# LISTED ENTRIES
++++

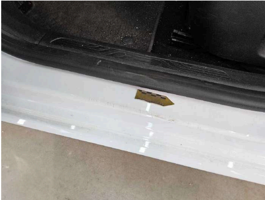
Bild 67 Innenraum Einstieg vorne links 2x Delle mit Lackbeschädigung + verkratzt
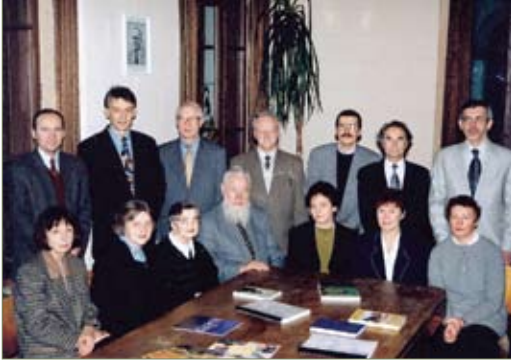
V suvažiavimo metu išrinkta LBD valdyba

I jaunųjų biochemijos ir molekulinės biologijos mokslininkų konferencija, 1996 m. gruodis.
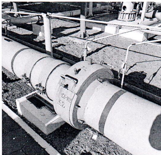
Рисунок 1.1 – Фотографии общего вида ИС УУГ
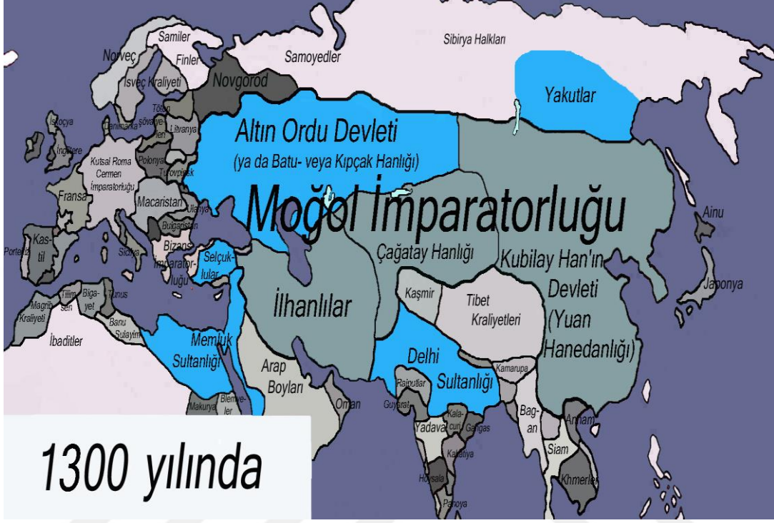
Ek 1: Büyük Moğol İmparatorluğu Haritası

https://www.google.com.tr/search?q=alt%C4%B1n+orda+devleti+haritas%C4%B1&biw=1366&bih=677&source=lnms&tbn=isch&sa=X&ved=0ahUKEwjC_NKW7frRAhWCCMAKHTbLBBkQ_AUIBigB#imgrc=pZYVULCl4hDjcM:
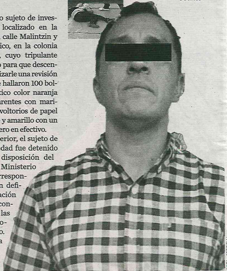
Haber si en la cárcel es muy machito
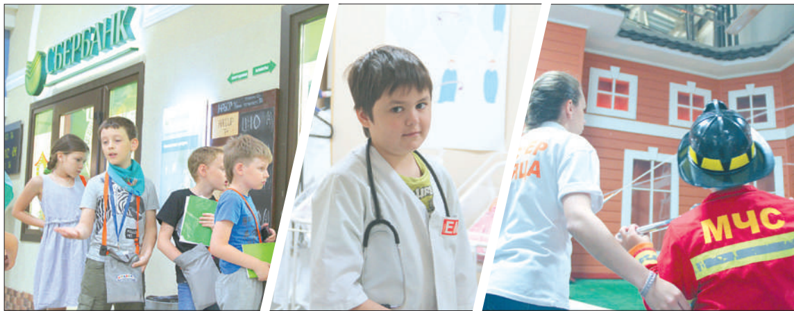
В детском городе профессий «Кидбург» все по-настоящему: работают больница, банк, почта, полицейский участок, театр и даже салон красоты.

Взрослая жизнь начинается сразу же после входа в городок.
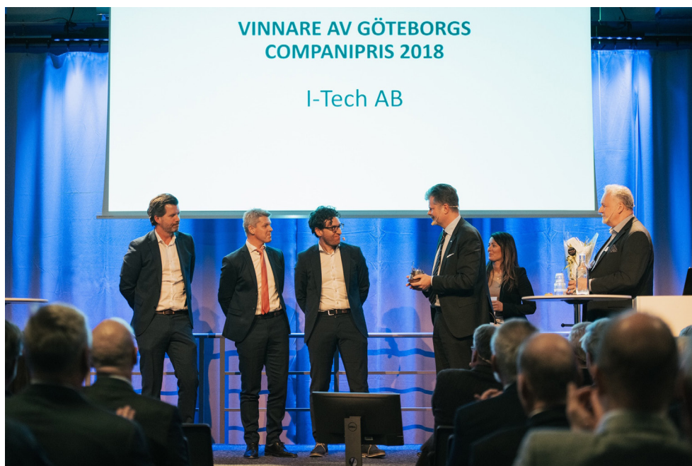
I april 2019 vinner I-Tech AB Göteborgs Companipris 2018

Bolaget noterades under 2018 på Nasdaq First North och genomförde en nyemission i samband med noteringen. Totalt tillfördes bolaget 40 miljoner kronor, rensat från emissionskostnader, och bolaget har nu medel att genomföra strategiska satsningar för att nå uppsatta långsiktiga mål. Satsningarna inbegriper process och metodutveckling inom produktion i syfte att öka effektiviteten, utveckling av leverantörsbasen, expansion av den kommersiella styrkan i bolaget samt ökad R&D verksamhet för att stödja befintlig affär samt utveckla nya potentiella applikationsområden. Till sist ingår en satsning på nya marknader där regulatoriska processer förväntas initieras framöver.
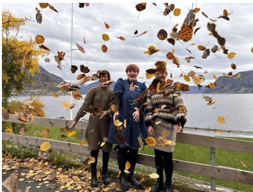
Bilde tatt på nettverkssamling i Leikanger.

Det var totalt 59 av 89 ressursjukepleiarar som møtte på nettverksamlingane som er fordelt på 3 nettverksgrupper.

++++

# TASK INSTRUCTIONS
Reproduce every line above word for word; no images.

# EXPECTED OUTPUT
Bild 67 Innenraum Einstieg vorne links 2x Delle mit Lackbeschädigung + verkratzt
V suvažiavimo metu išrinkta LBD valdyba

I jaunųjų biochemijos ir molekulinės biologijos mokslininkų konferencija, 1996 m. gruodis.
Рисунок 1.1 – Фотографии общего вида ИС УУГ
Ek 1: Büyük Moğol İmparatorluğu Haritası

https://www.google.com.tr/search?q=alt%C4%B1n+orda+devleti+haritas%C4%B1&biw=1366&bih=677&source=lnms&tbn=isch&sa=X&ved=0ahUKEwjC_NKW7frRAhWCCMAKHTbLBBkQ_AUIBigB#imgrc=pZYVULCl4hDjcM:
Haber si en la cárcel es muy machito
В детском городе профессий «Кидбург» все по-настоящему: работают больница, банк, почта, полицейский участок, театр и даже салон красоты.

Взрослая жизнь начинается сразу же после входа в городок.
I april 2019 vinner I-Tech AB Göteborgs Companipris 2018

Bolaget noterades under 2018 på Nasdaq First North och genomförde en nyemission i samband med noteringen. Totalt tillfördes bolaget 40 miljoner kronor, rensat från emissionskostnader, och bolaget har nu medel att genomföra strategiska satsningar för att nå uppsatta långsiktiga mål. Satsningarna inbegriper process och metodutveckling inom produktion i syfte att öka effektiviteten, utveckling av leverantörsbasen, expansion av den kommersiella styrkan i bolaget samt ökad R&D verksamhet för att stödja befintlig affär samt utveckla nya potentiella applikationsområden. Till sist ingår en satsning på nya marknader där regulatoriska processer förväntas initieras framöver.
Bilde tatt på nettverkssamling i Leikanger.

Det var totalt 59 av 89 ressursjukepleiarar som møtte på nettverksamlingane som er fordelt på 3 nettverksgrupper.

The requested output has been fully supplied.